# GOTM May 2008 - Jacksonplayer's Jackson Custom Shop Fusion 7



## noodles (May 1, 2008)

*May 2008 Guitar of the Month: Jacksonplayer's Jackson Custom Shop Fusion 7*

Congrats to *Jacksonplayer* for winning May's GOTM, as voted on by you, the Sevenstring.org membership! 

This is quite possibly the first bolt-on Jackson 7-string ever built! Here are pictures of this unique, one of a kind instrument.























*Quick specs:*


Solid two-piece quilt maple body
Bolt-on maple neck with matching quilt maple headstock
Rosewood fretboard
Lo-Pro Edge 7 bridge
Duncan Blackout bridge and EMG 707 neck pickups
Volume and tone knobs
3-way switch

All GOTM winners get some new tunes! A signed copy of Division's _Trinity_ and Eric Clemenzi's _Basement Tapes_.






Congratulations to the Guitar of the Month winner for May!


----------



## zimbloth (May 1, 2008)

Congrats b3n. That is a sweet guitar! I guess I didn't need to win as I already purchased the Division CD a few years ago


----------



## Desecrated (May 1, 2008)

Congrats.


----------



## TimSE (May 1, 2008)

nice


----------



## jacksonplayer (May 1, 2008)

noodles said:


> Congrats to *b3n* for winning May's GOTM, as voted on by you, the Sevenstring.org membership!



Err, umm... 

Thanks everyone, this is way the hell cool! And no, it's not for sale... 

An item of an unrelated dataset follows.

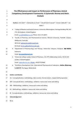 Title: | The effectiveness and impact on performance of pharmacy-related competency development frameworks: A systematic review and meta-analysis |
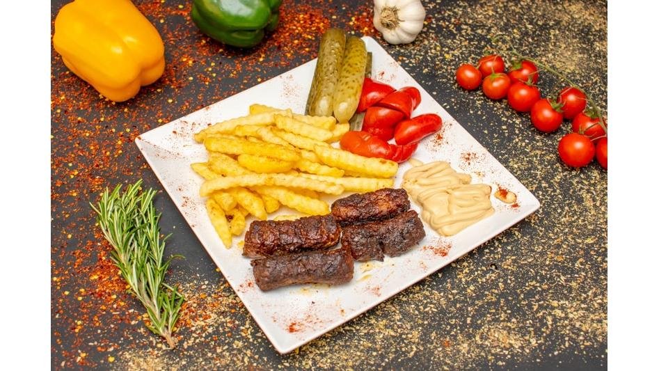 4 mici (240g), cartofi prăjiți (200g), murături (200g), pâine la cuptor (260g), muștar (80g). 980 g

Noodles, I'll send you a couple of so-so pictures (though they're already posted around here somewhere), but I need to take a couple more good ones to even get in the neighborhood of that awesome photo you took.


----------



## Michael (May 1, 2008)

Two people own this guitar? 

Congrat's Chris!


----------



## Metal Ken (May 1, 2008)

jacksonplayer said:


> Err, umm...
> 
> Thanks everyone, this is way the hell cool! And no, it's not for sale...
> 
> Noodles, I'll send you a couple of so-so pictures (though they're already posted around here somewhere), but I need to take a couple more good ones to even get in the neighborhood of that awesome photo you took.



Fixed that for ya


----------



## ajdehoogh (May 1, 2008)

Congrats dude.


----------



## Hexer (May 2, 2008)

yay congrats! reeeeaaaally nice axe


----------



## Apophis (May 2, 2008)

Congrats, awesome guitar


----------



## noodles (May 2, 2008)

jacksonplayer said:


> Err, umm...



Serves me right for throwing this together five minutes before walking out of the office for the day.


----------



## playstopause (May 2, 2008)

Congrats!


----------



## LordCashew (May 2, 2008)




----------



## Shawn (May 3, 2008)

Very nice. Congrats!


----------



## wannabguitarist (May 5, 2008)

That's probably my favorite guitar on this site


----------



## amonb (May 11, 2008)

Well done... that is a truly magnificent guitar!


----------



## jacksonplayer (May 12, 2008)

Thanks, guys. I'd like to be able to claim credit for designing it, but alas, I snatched it off of eBay a couple of years ago.


----------



## Aled Smith (May 15, 2008)

noodles said:


> *May 2008 Guitar of the Month: Jacksonplayer's Jackson Custom Shop Fusion 7*
> 
> Congrats to *Jacksonplayer* for winning May's GOTM, as voted on by you, the Sevenstring.org membership!
> 
> ...


----------



## Thrashmanzac (May 15, 2008)




----------



## aeronaut (May 17, 2008)

beautiful guitar.


----------



## budda (May 18, 2008)

tis one sexy item.


----------



## marko10447 (Jun 16, 2008)

bad ass guitar!!


----------